Clinton, S.C., Sunday, April 13, 2014, 9:08 a.m.
I can’t judge a NASCAR race at Darlington Raceway. I love it too much. It dissolves me in emotion. Memories flood back of Cotton Owens, Dale Earnhardt, Neil Bonnett and Tim Richmond, all men I saw win there (Owens as an owner) and all of whom have passed away since.
On Saturday night, Kevin Harvick tamed the track too tough to. He led 238 of the 374 laps. Harvick and his Stewart-Haas team earned $328,708 for 367 of them, and thanks to a woolly overtime, the final seven were free.
Darlington is the only track where one driver dominating numbs my interest not the least. At home, it perturbs me when the cameras ignore what I want to see, or move away from what I’m enjoying, but Fox did a decent job of finding the action, probably because it’s what covering Darlington demands. Besides, if I really want to watch it my own way, I ought to get my ass down there.
I’ve decided I’m not going back to “the track,” which is to mean “tracks in general,” without a better reason than that. I expect my next live attendance will be at some place like Greenville-Pickens (asphalt) or Laurens (dirt).
It hurts a little – just a little, mind you – where Darlington is concerned.
At most tracks, with Harvick scattering edible dust in his wake, I would have started reading a book, or playing my guitar, or checking on a ballgame. Darlington held my interest. I was only distracted by that video game, “Need to Tweet.”
For those among you who cannot grasp the majesty of Darlington, there’s nothing I can do. If you don’t see the subtleties, you probably never will.
Winning most races is impressive. Winning Darlington is majestic. Watching Darlington is metaphysical.
To me. I didn’t learn independently. My daddy taught me, prying open messy boiled peanuts and swilling beer on the back straight. He’s gone 20 years, the back straight is the front straight, the one on the left is in the middle, and “the guy in the rear … is a Methodist.”
Against all odds, I had a hunch, the kind I normally only got when I was at tracks, that Harvick was going to win. Sure, he started on the pole, but no one had won at Darlington from the pole since 1997. Harvick himself had never won a Sprint Cup race there. I’ve always thought there are two sides to statistics. On the one hand, a bountiful record is an indicator of prowess. Sometimes a fruitless record is an indicator of lack thereof. In Harvick’s case, though, I felt he had always had what it takes to win at the oldest and weirdest superspeedway.
He was due. That’s what I was thinking when Phil Kornblut asked me on South Carolina SportsTalk Friday night. I don’t consider myself much of a prognosticator. In fact, I don’t think the average writer is any better at picking winners than the Cub Scout leader sitting with Pack 3497 on the back straight.
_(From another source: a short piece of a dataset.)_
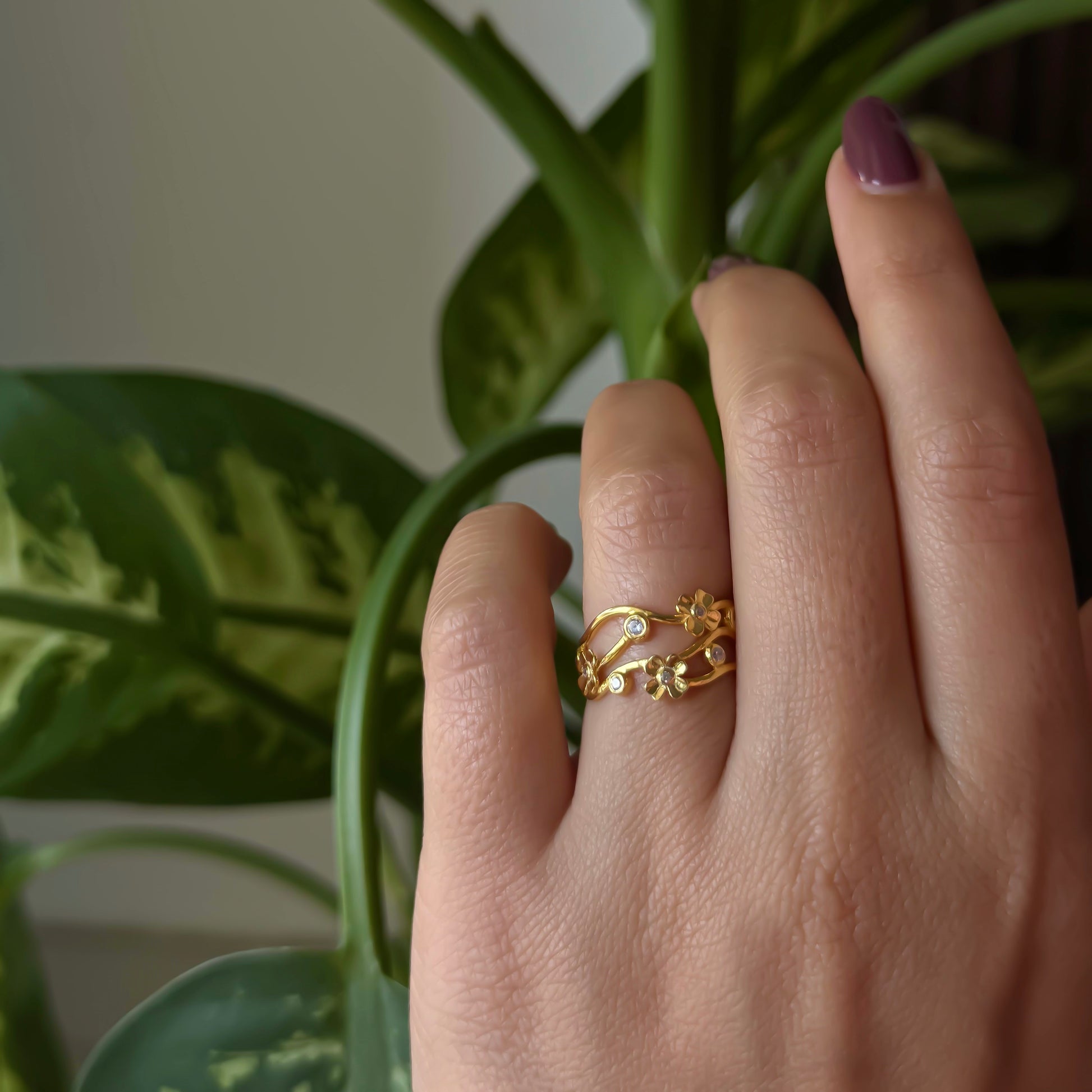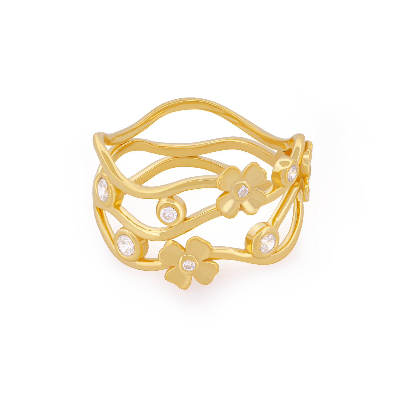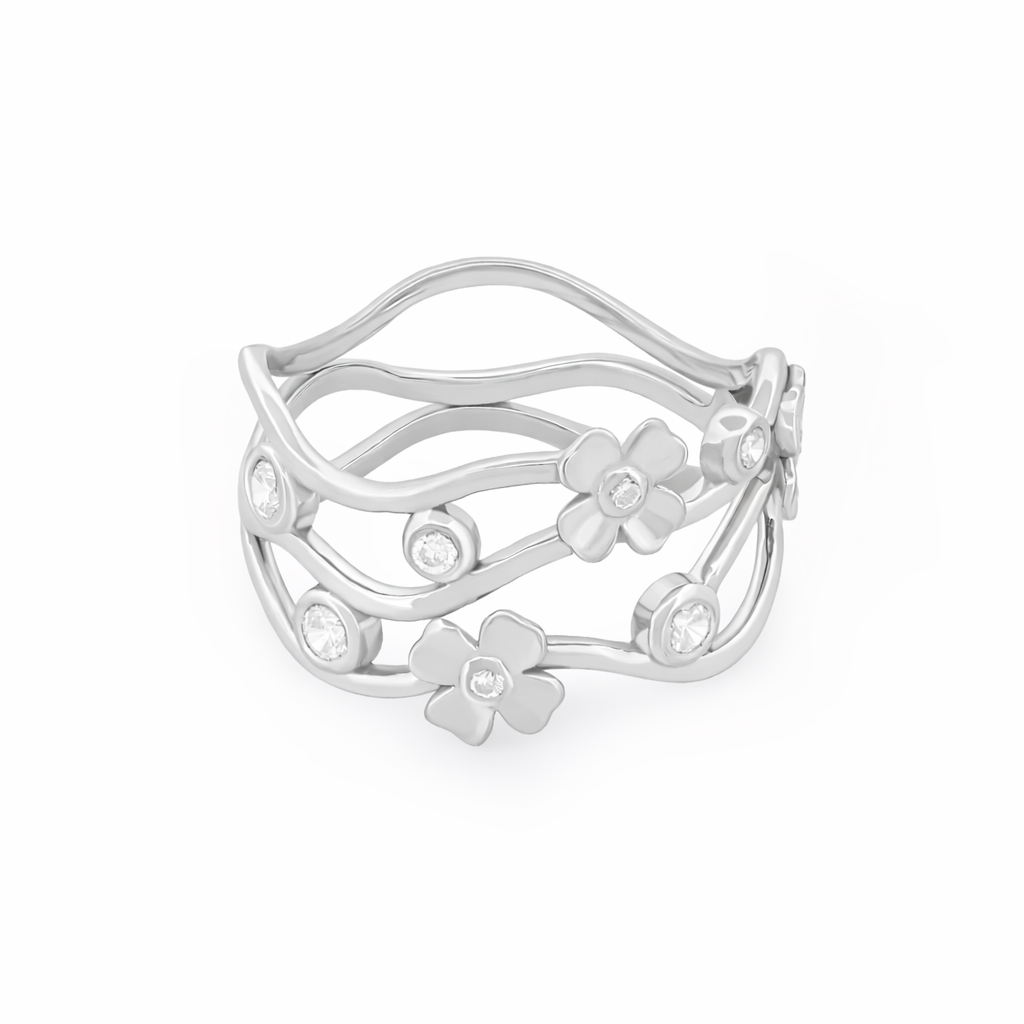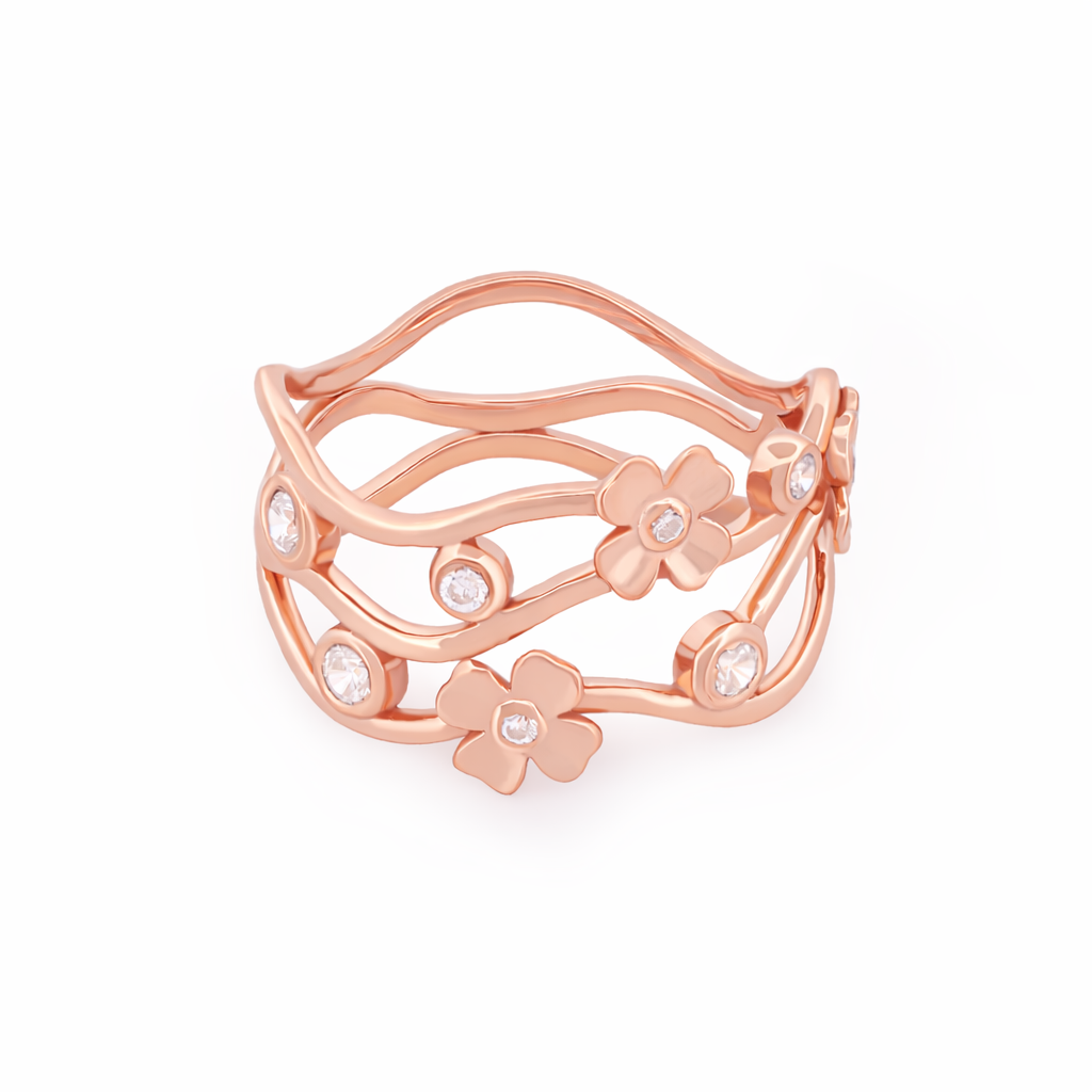 A unique ring featuring flowing gold lines accented with mini floral motifs and sparkling stones. Light, feminine, and perfect for everyday elegance.

No, Freddie, we’ll have sandwiches at the halfway point. Just stay hydrated. You’ll be fine. Who’s gonna win? Oh … Harvick. Brandon! Don’t make me come down there. Behave!
Earlier this year, the one week I got the pick right, Phil ran out of time before he asked me, or, more likely, I used up the time with my big mouth.
I don’t know if the pavement is aging or the cars are better – I suspect it’s some mingling of both, though I don’t know if the recipe has two cups of old and one of new, or vice-versa – but the racing roused me. I watched it with ardor and confined my departures to commercials and caution flags.
Again, though, I can’t judge. Darlington is Mecca to me, or, since I’m not Muslim, Mecca is Darlington. Skip the religion. Darlington is a mecca, not Mecca. It’s secular, but there’s a little spirituality. When I think the word – Darlington! – it sends chills down my spine and sometimes my eyes moisten. It’s similar in my psyche to Fenway Park, Ryman Auditorium, the Jefferson Memorial and my alma maters, Clinton High School and Furman University.
In my mind, Kevin Harvick finally arrived. Cue the fight song.